Metro General Manager Randy Clarke on Thursday said Metro was able to run 18 eight-car 7000-series trains, the most since the suspension began. The transit agency plans to increase that number over the coming months, slowly reducing wait times that have generally averaged more than 10 minutes. Clarke said Metro officials will lay out a timeline next week that will chart when Metro will return to pre-pandemic rail frequencies.
To alleviate crowding occurring mostly during weekday rush hours on the Red Line, Clarke said Metro also is deploying extra trains on standby to use when crowding increases.
The biggest decrease in wait times, he said, would likely have to wait until Metro reopens the Yellow Line, which has been shut down for an eight-month bridge and tunnel repair project slated to end in May. The reopened line will provide Metro with better access to a rail yard in Alexandria, allowing for increased flexibility in getting rail cars in and out for inspections.
Metro’s train shortage had also threatened to delay the opening of the Silver Line extension, an 11.5-mile segment that will bring service to Washington Dulles International Airport and Loudoun County. As those concerns dissipate, Clarke said he hoped to announce an opening date next week, contingent upon Metro receiving accreditations from the safety commission. He said Metro workers are finishing minor tasks, such as installing missing signs, before the agency seeks certification.
The $3 billion project’s opening is four years overdue, but Clarke said he is optimistic Metro can begin passenger service for Thanksgiving travel.
“We’re very focused on opening the line for Thanksgiving holiday travel,” Clarke said during a news conference after the board meeting. “We know how important that is.”
During the meeting, transit officials outlined ways for Metro to increase revenue and cut costs through service reductions to close a projected $146 million operating budget gap. That hole had previously been projected at $185 million, but Metro officials say ridership increases and money from other sources has offset some of the amount.
Narrowing the gap further could require either service cuts, restructuring fares, fare hikes, service decreases, layoffs of up to 1,190 workers or a mix of concepts presented to board members. Metro is also considering charging passengers flat rates based on zones, finding subsidies to go fare-free and a program that would decrease fares for lower-income riders.
Of those concepts, board members seemed most hesitant about shifting to fare zones.
“I don’t love the zone fare idea,” said member Sarah Kline. “I honestly don’t see the benefit of it over the distance-based fare that we have now, because essentially, it’s distance-based the way it’s been conceived here.”

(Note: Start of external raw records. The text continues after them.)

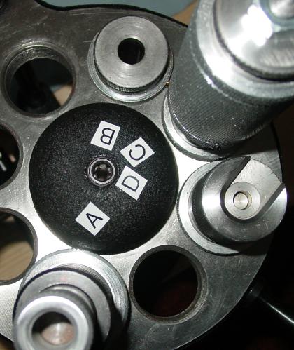 In the photo above, die 'A' will not even fit, as there is not enough room between the die hole and the turret hub to screw the lockring down. (Lockring is from CH4D)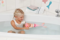 A baba a víz felszínén úszik, gyönyörűen kidolgozott, pikkelyes farka és vidám színei első pillantásra lenyűgöznek. Ösztönzi a kreativitást, a szerepjátékot és fejleszti a finommotorikát. Ideális ajándék fiúknak és lányoknak 1 éves kortól.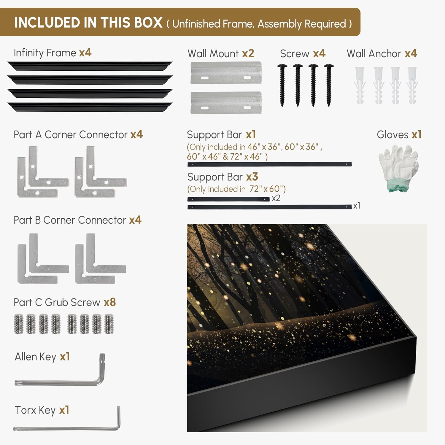 • Assembly Required: The artwork comes with the frame components unassembled. Don’t worry — setup is straightforward and tool-friendly. For best results and accurate alignment, we recommend two people to ensure a smooth assembly and a stable, secure wall mount.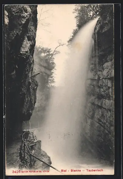 AK Biel, Taubenloch, Wasserfall mit Uferweg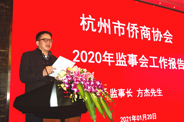 市侨商会监事长方杰作监事会工作报告。他指出,多元化、精细化、常态化是去年商会开展工作的主流。面对严峻复杂的国际形势、艰巨繁重的国内改革发展稳定任务,特别是新冠肺炎疫情的严重冲击,杭州侨商积极与祖国共克时艰,展现出无私奉献的精神,体现了海内外中华儿女对祖国的赤诚之心。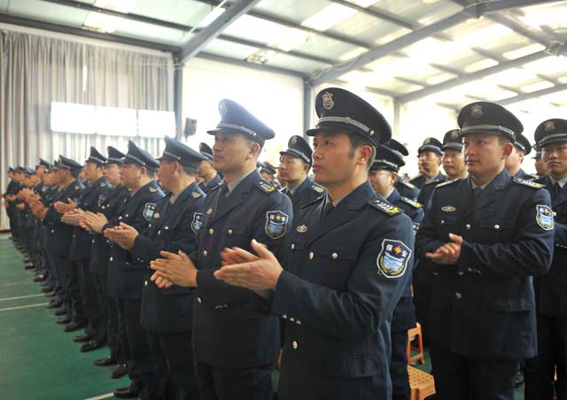 會議內(nèi)容和安排一切從簡,有四項議程,一是播放年度總結(jié)PPT文件,二是宣讀表彰人員名單,三是部門遞交責任狀,最后總經(jīng)理婁伯翱講話。押運大隊市區(qū)押運員和駐各縣隊員代表;機關各部門人員以及各分公司員工代表近700人參加了會議。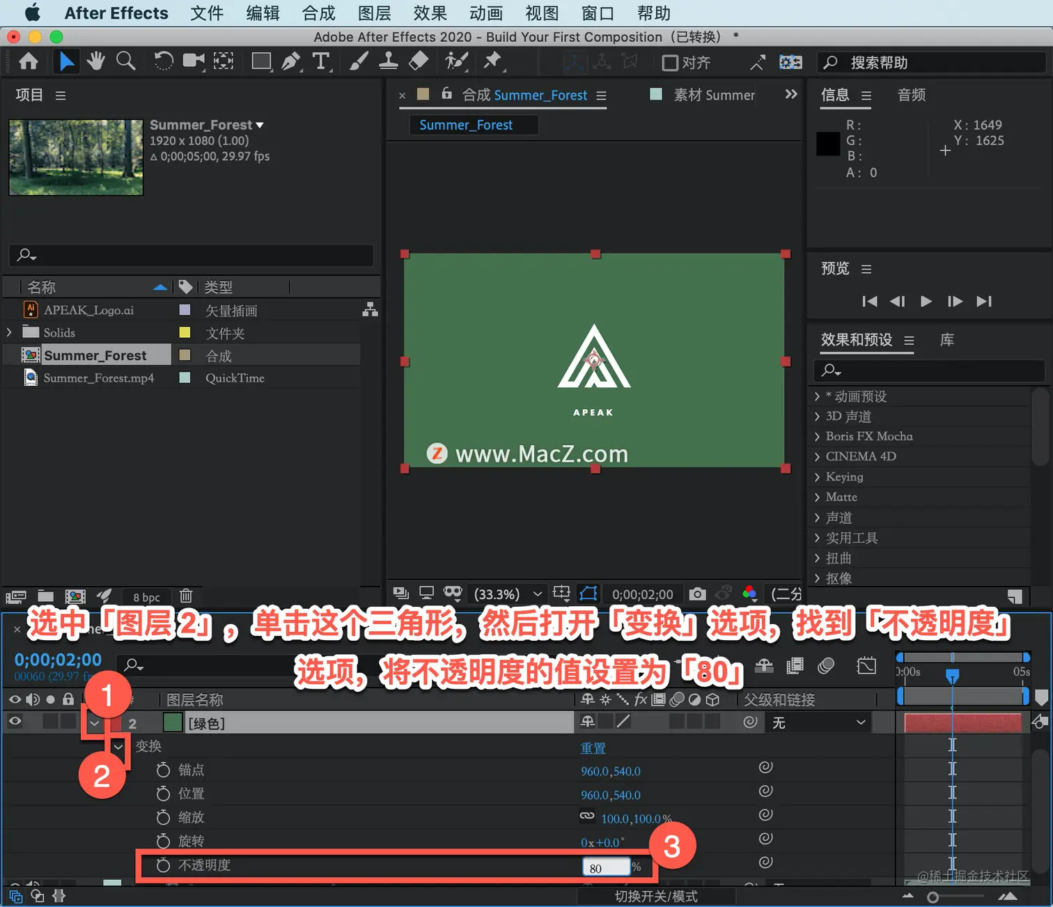 选中「图层 2」,单击这个三角形,然后打开「变换」选项,找到「不透明度」选项,将不透明度的值设置为「80」,在键盘上按下 Return 键。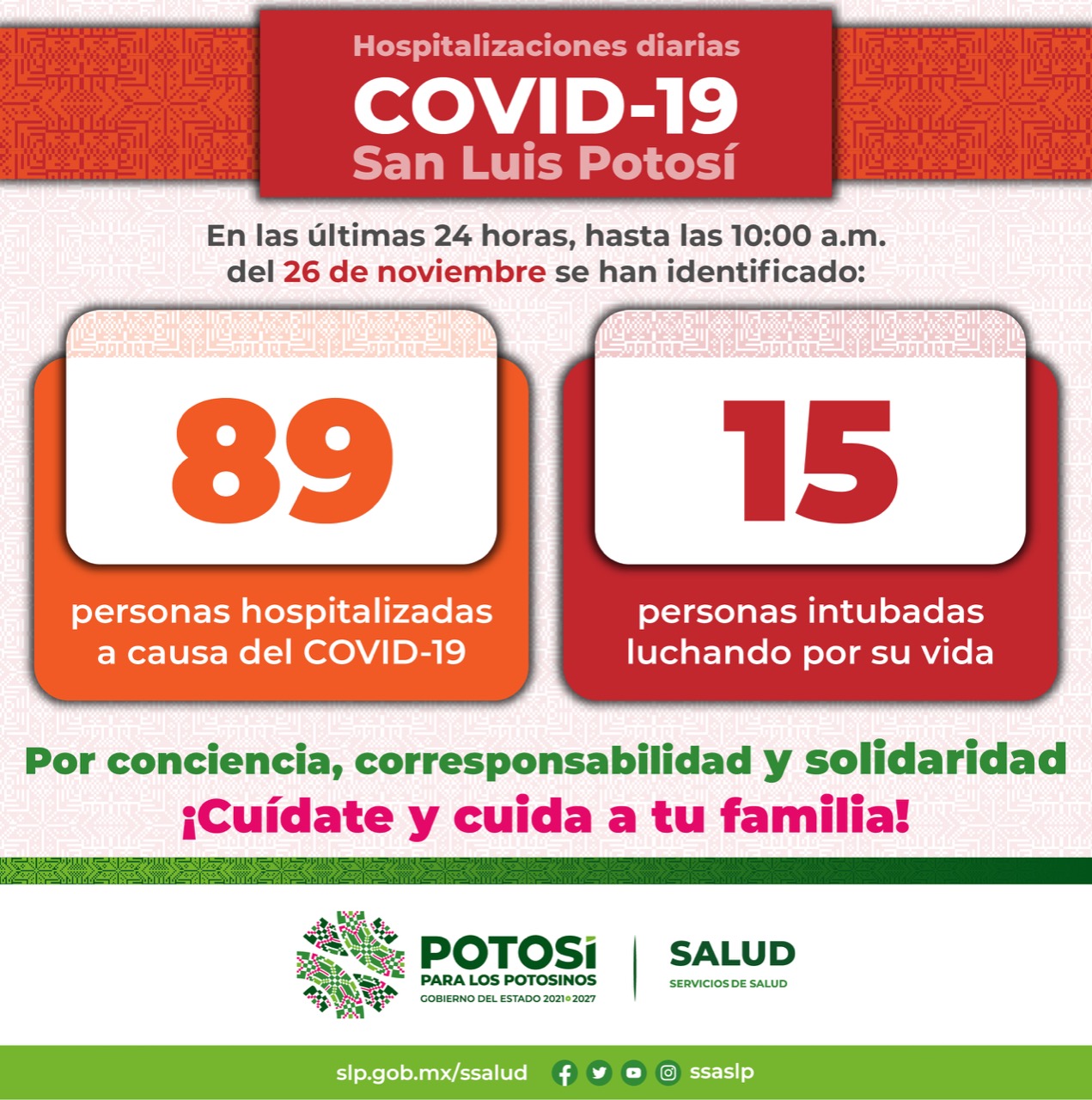 Los Servicios de Salud y el Comité Estatal para la Seguridad en Salud, informan que, hasta este viernes 26  de noviembre se registran 103 mil 169 casos totales de Covid-19, con la confirmación de 84 nuevos contagios de acuerdo al reporte epidemiológico de las últimas 24 horas.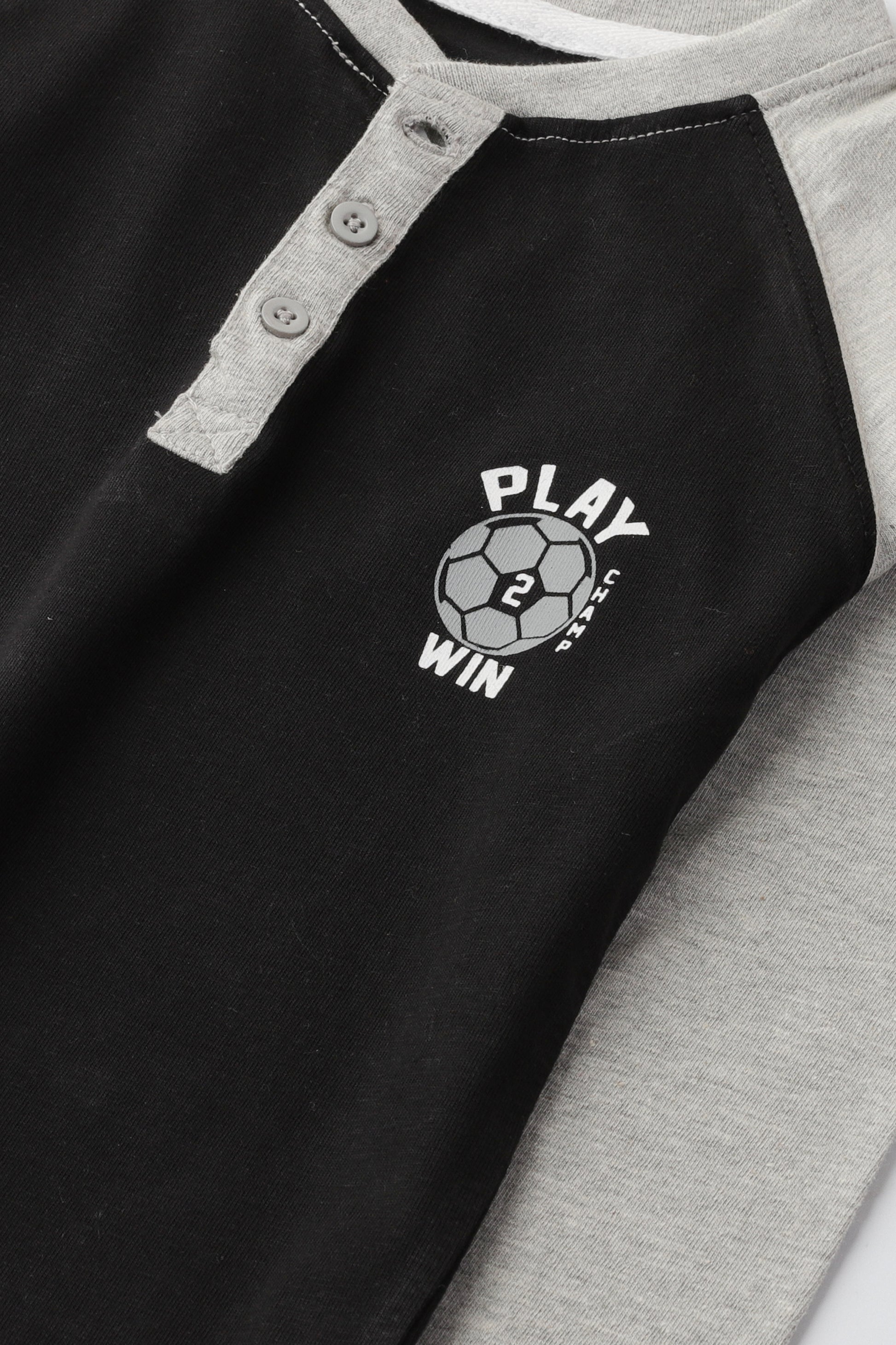 Unleash his inner champion with the Black Play Raglan T-shirt . Made from soft and sturdy heavy jersey fabric, this black Henley t-shirt features eye-catching graphics at the chest. The raglan sleeves offer a relaxed yet athletic fit, while the Henley neckline gives it a classic touch. Ideal for boys who want to show off their winning spirit.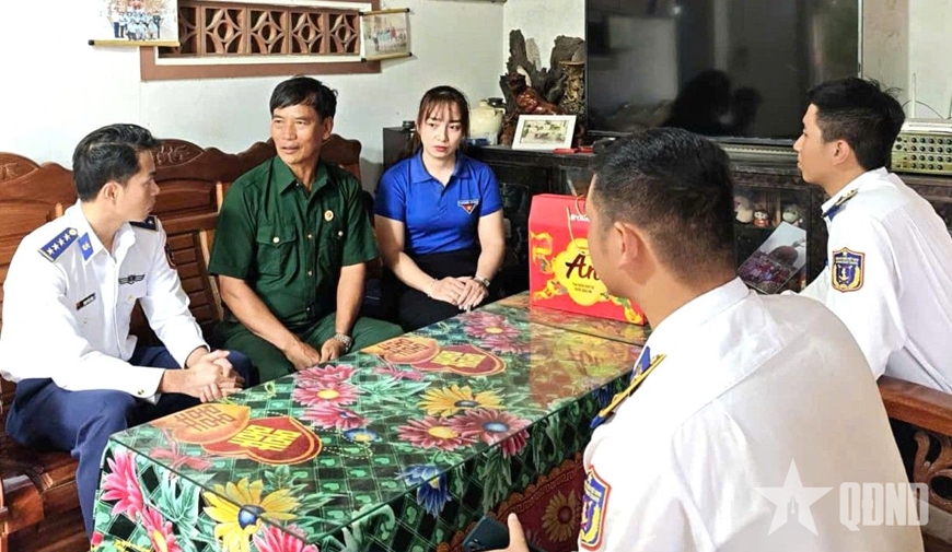 Ngày 17-1, tại xã Núi Thành (TP Đà Nẵng), Liên chi đoàn Hải đội 211 (Đoàn cơ sở Hải đoàn 21, Vùng Cảnh sát biển 2) phối hợp cùng Chi đoàn thôn Sâm Linh Tây tổ chức thăm hỏi, tặng quà gia đình cựu chiến binh Phạm Ngọc Phong.

Board member Lucinda M. Babers, the District’s deputy mayor for operations and infrastructure, said zoned fares concerned her because of D.C.’s experience with a zoned taxi-fare system that leaders scrapped in 2008.
“D. C. had its own [zone] concept for our taxicab system and it was one of the most confusing things, especially for our tourists,” Babers said. “And so we eventually got rid of it and went to the distance-based concept.”